Medium Priority (resource waste or risk)

  1. kms/kms-web-page -- Guaranteed QoS at 500m CPU / 512Mi, but only uses 0m/10Mi. Massive overprovisioning.
  2. ollama/ollama -- Requests 4Gi memory but uses 11Mi (GPU model in VRAM). If not using CPU memory, reduce request.
  3. resume/printer -- Requests 1Gi memory but uses 109Mi. Consider reducing.
  4. nvidia-driver-daemonset -- No limits set, using 1168Mi. Standard for driver but worth noting.
  5. servarr/flaresolverr -- At 58% memory (148Mi/256Mi). Trending toward limit.

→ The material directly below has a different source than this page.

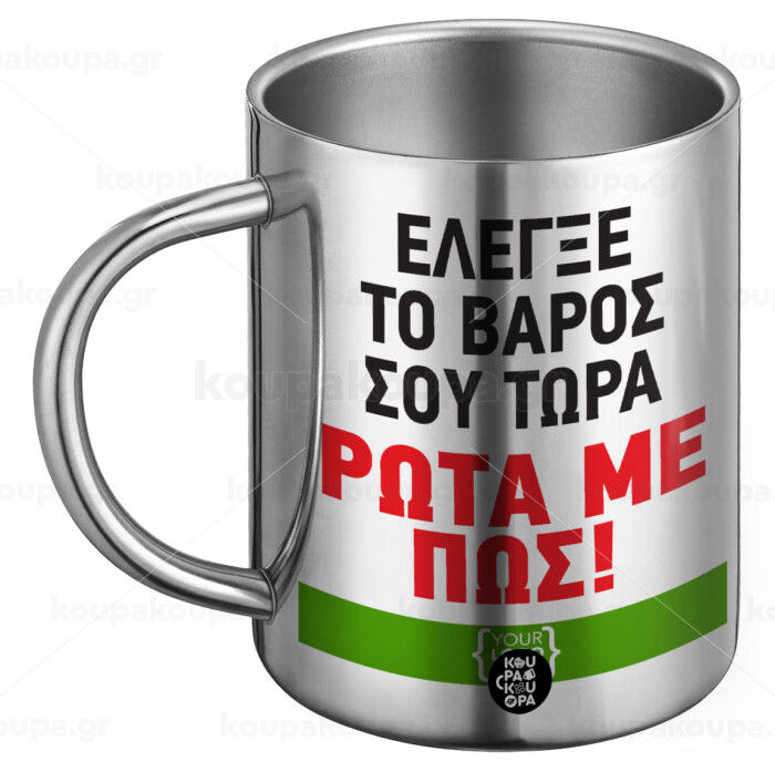 Έλεγξε το βάρος σου ρώτα με πως! {your logo here}, BIG Mug Stainless steel double wall (450ml)
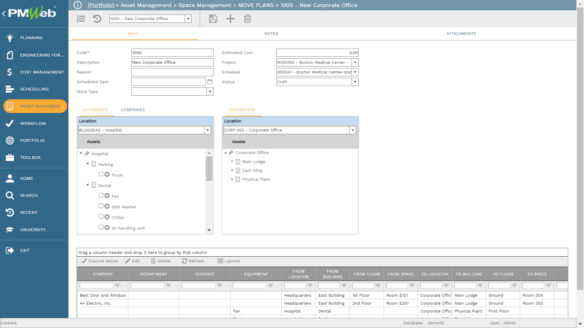 PMWeb Move Plan module allows defining the relocation plans for all those occupants and equipment assets from their current location to the new location. For each move plan, the name of the plan, scheduled date, actual date, reason for the move, move type, and estimated cost of the move will be added.

Low Priority (optimization opportunities)

  1. Multiple pods in the monitoring namespace have generous limits but low actual usage (node-exporters at 9-24Mi with 800Mi limits).
  2. crowdsec-agent pods have Guaranteed QoS (req=limit) at 500m/250Mi but use only 3-13m CPU and 43-48Mi memory.
  3. Many edge-tier pods using <10% of their memory limits -- VPA recommendations could help right-size.